Data for processing.
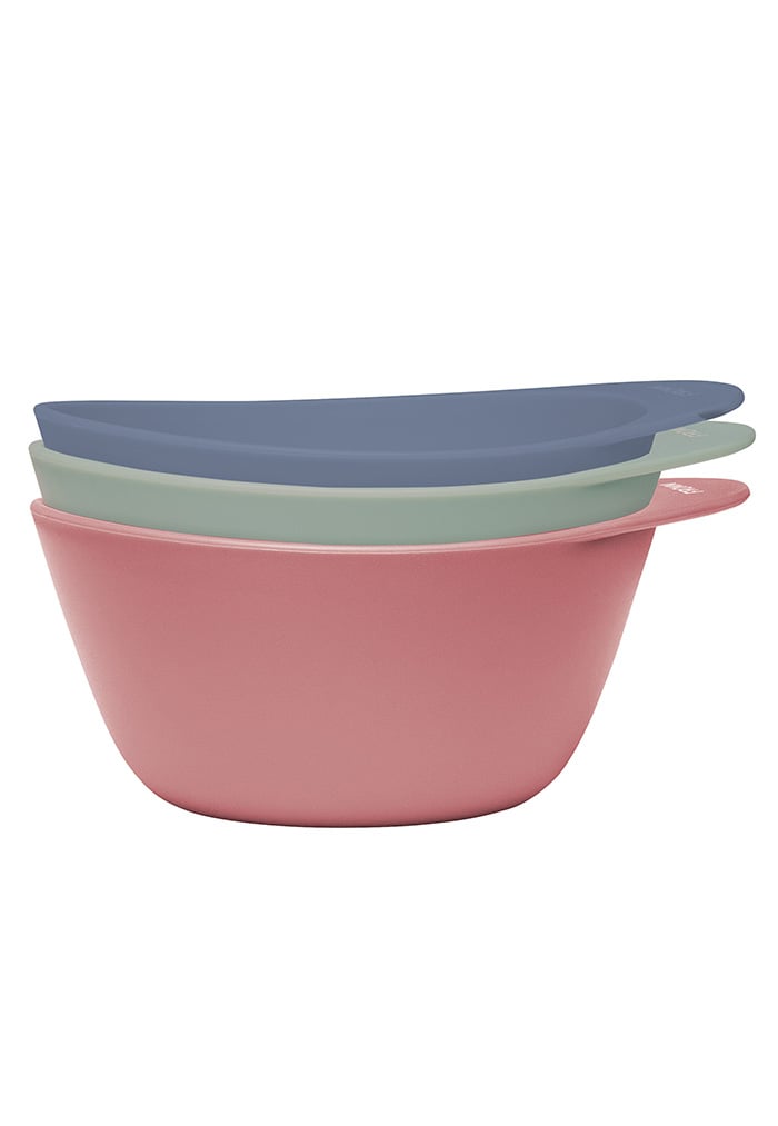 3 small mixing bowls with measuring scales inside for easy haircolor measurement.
==
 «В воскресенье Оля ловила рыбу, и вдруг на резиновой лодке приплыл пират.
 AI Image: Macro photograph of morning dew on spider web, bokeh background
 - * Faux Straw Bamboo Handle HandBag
--
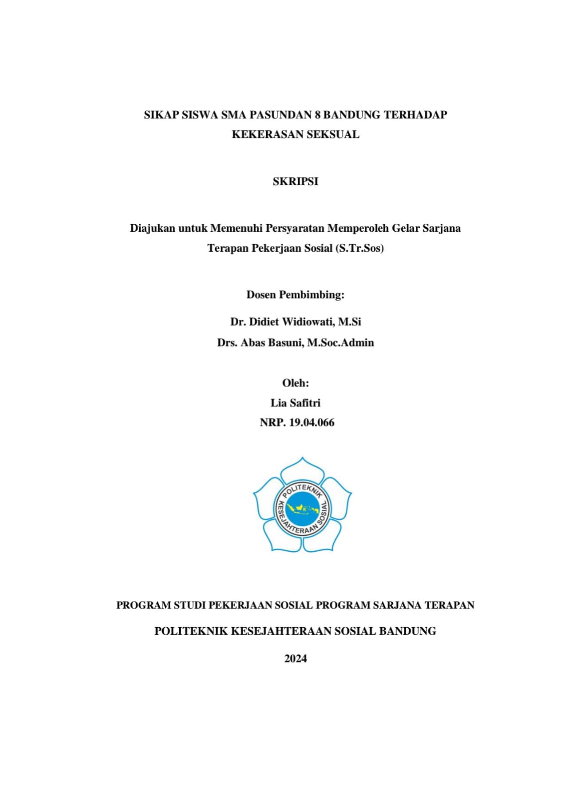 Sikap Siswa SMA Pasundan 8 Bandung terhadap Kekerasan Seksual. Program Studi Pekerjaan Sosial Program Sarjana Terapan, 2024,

What you have to do.
Quote the data above from the line containing "лодке приплыл пират." to the line containing "- * Faux Straw Bamboo Handle HandBag", inclusive, and stop.

Response below.
 «В воскресенье Оля ловила рыбу, и вдруг на резиновой лодке приплыл пират.
 AI Image: Macro photograph of morning dew on spider web, bokeh background
 - * Faux Straw Bamboo Handle HandBag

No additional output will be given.